"I Ain’t No Senator’s Son"

Cathy Sterling

Cathy Sterling in the NCSU Brickyard

"A Little Help From Mom"

Text from article "A Little Help From Mom": "It might have been a complicated matter for North Carolina State University students to figure out whether they were voting for Cathy Sterling, right, or her mother, Mrs. Ann Sterling, left, when they cast their ballots for student body president Tuesday. Mrs. Sterling is shown helping her daughter campaign. Cathy won to become the first woman president ever elected at the predominantly male school at Raleigh."

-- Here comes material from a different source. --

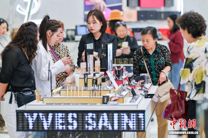1月18日,顧客在cdf海口國際免稅城選購化妝品。海南自貿(mào)港封關(guān)首月,離島免稅市場火爆。 中新網(wǎng)記者 駱云飛 攝

Ann Sterling raised Cathy and her three sisters as a single parent. Sterling remembers her mother as a strong matriarch and mentor in her life and attributes many of her leadership qualities to her. Her mother was active in their church and was an integral part of Sterling’s campaign.[1] A story about Ann and Cathy, titled "A Little Help From Mom" circulated the United States and even Europe and Asia, showcasing Ann and Cathy.[2] In our interview, Sterling remembered that the article got all the way to The Stars and Stripes, and as a result, she received letters from Europe to Japan, especially from soldiers, who read about her and her mother in the massively reprinted article.
 
Both Sterling and her mother were often chastised for their clothing choices—short dresses and skirts. Many of Sterling's critics talked about her "inappropriate" dress and their disappointment in her as a "southern girl."[3] To them, Sterling did not think, dress, or act like a “southern girl,” and they were offended because they knew she was born and raised in the South. As Sterling highlighted in her interview with me, these views were problematic for several reasons, namely that she and her mother were both grown women, not girls. Moreover, the harsh and personal attacks had nothing to do with her platform or her initiatives in student government. These attitudes were reflective of the inherent sexism that informed many conservative, southern dissenters. Jesse Helms even sent Sterling several letters that condemned her for acting inappropriately for a "southern girl."[4]
 
Sterling differed much from the other candidates and past student body presidents in more ways than her gender. Her ideas were controversial. As a young adult in the 1970s, Sterling was a part of a generation that did not trust anyone over thirty. Her stance on the role of the administration on campus, especially the chancellor’s role was not one of a parent “in abstentia.” She did not agree with the administrations’ assumptions about what students needed and what students thought. She wrote tumultuous pieces like “I Am Not Proud"--page four of the Technician on March 06, 1970--an exposé on the athletics program at NC State, arguing that the program should not receive funding from students that did not wish to financially support the athletic program.[5] In a letter to the editor, Ivan Mothershead, a student senator who was very vocal in Student Government, attacks Sterling and her article. Ironically, his attack actually made Sterling more of a buzz on campus as Sterling and Mothershead exchanged heated letters to one another that were published in the Technician. Their argument came to a head in the April 1st “April Fools” edition of the Technician, where a journalist satirically reported that Sterling and Mothershead were engaged to be married.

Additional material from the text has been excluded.